READ MORE: Driving without insurance — your FAQs answered

Legislation that allows the MIB and DVLA to take action against owners of vehicles that are uninsured – and not declared to be off the road – was introduced in 2011.

The scheme sees data from the Motor Insurance Database record of UK motor insurance policies cross-checked with DVLA vehicle records to identify drivers that appear to have no insurance.

This system means thousands of insurance advisory letters can now be sent out to owners of uninsured cars, meaning they no longer need to be caught on the road.
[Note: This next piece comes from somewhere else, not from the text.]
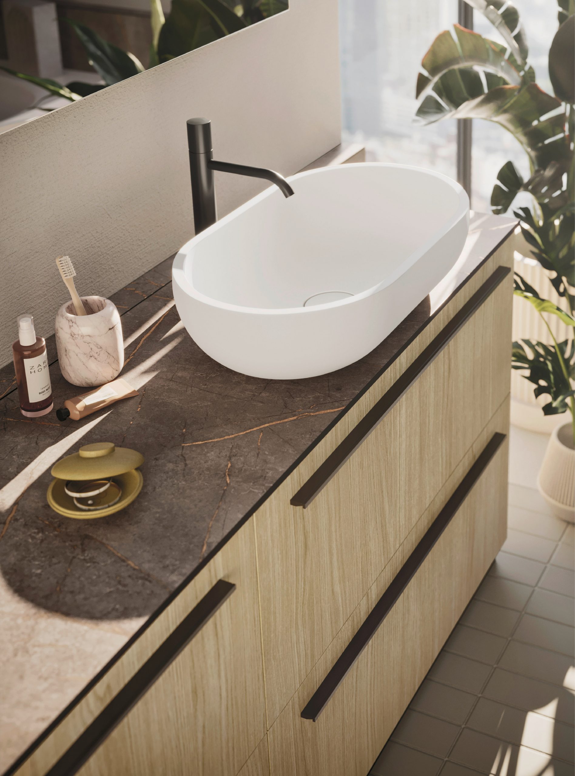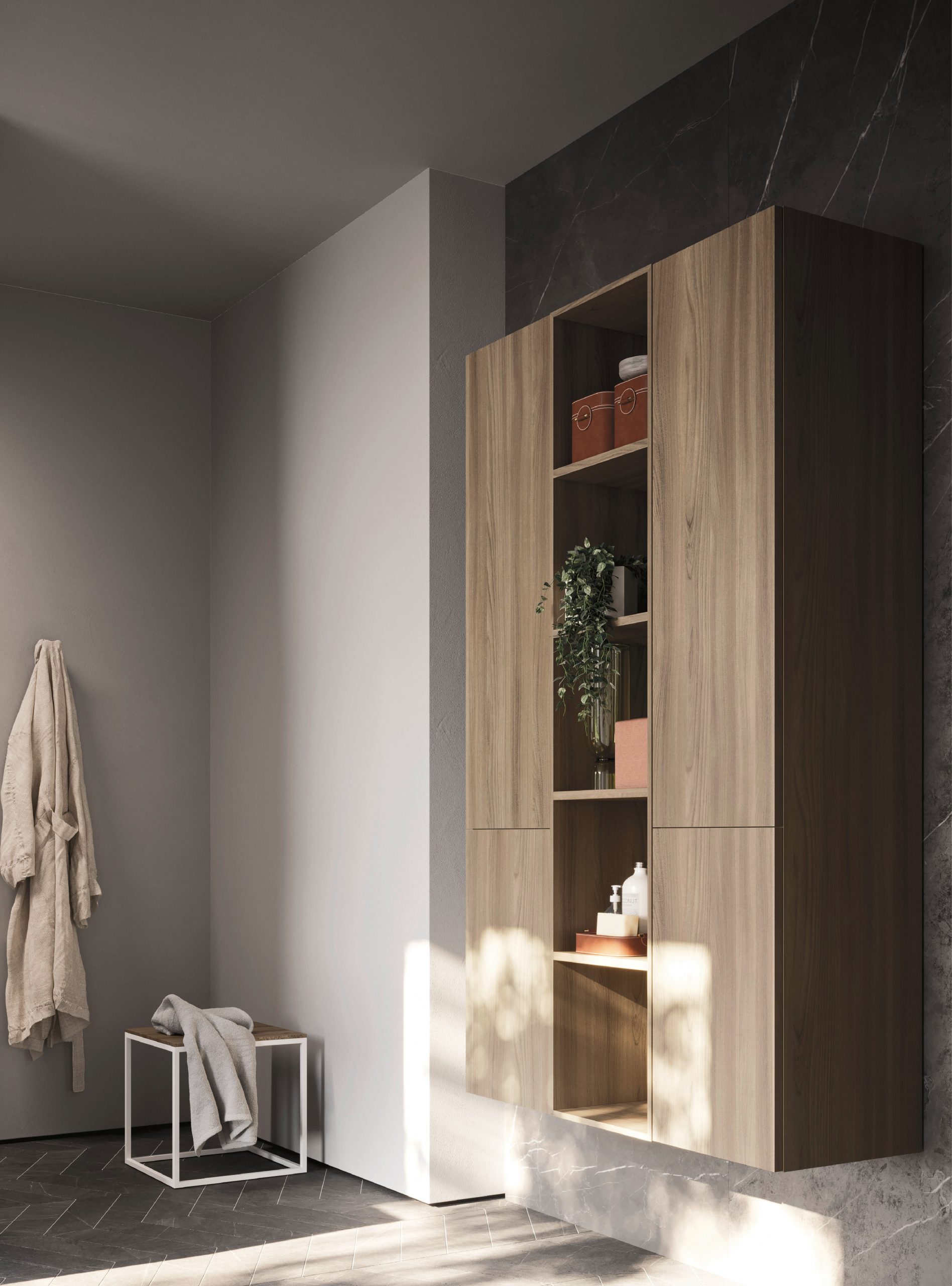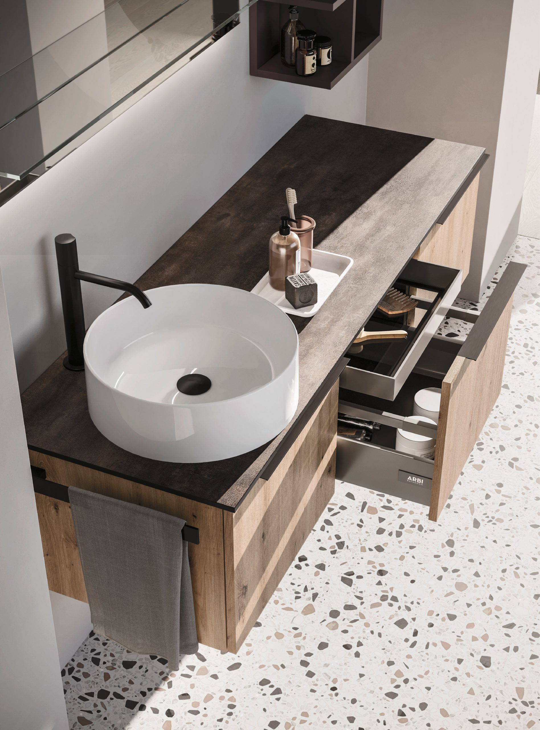 Ho.Me Plus is an innovative collection by Arbi Arredobagno that brings together a wide range of finishes in thermo-structured melamine with natural veins, classic or trendy colors. The collection is available in two variants: one with flat front and handle, the other with the integrated “J” handle grip. Flexible in the modularity thanks to the choice between three depths and different widths, the collection is enriched by the curved version, which offers base units with soft lines to satisfy even the optimization needs of the smallest spaces.

The letters warn owners to either insure their vehicle, make a SORN (statutory off road notification) to the DVLA, or face fixed penalty notices, fines and court prosecution.

SEE ALSO: Rise of uninsured drivers having a “devastating” impact

Neil Drane, head of enforcement at MIB, said that with the scheme in place there is nowhere to hide.

He said: "Data enables us to easily identify vehicles that appear without insurance. By using automation alongside ongoing police efforts, we've helped to halve the number of uninsured drivers on UK roads over the past 10 years."

The Motor Insurers’ Bureau is a not-for-profit body that helps innocent motorists if they are involved in hit-and-run accidents or collisions with uninsured drivers.

Ultimately in these situations, the bill is paid through the insurance premiums of all law-abiding, fully-insured motorists.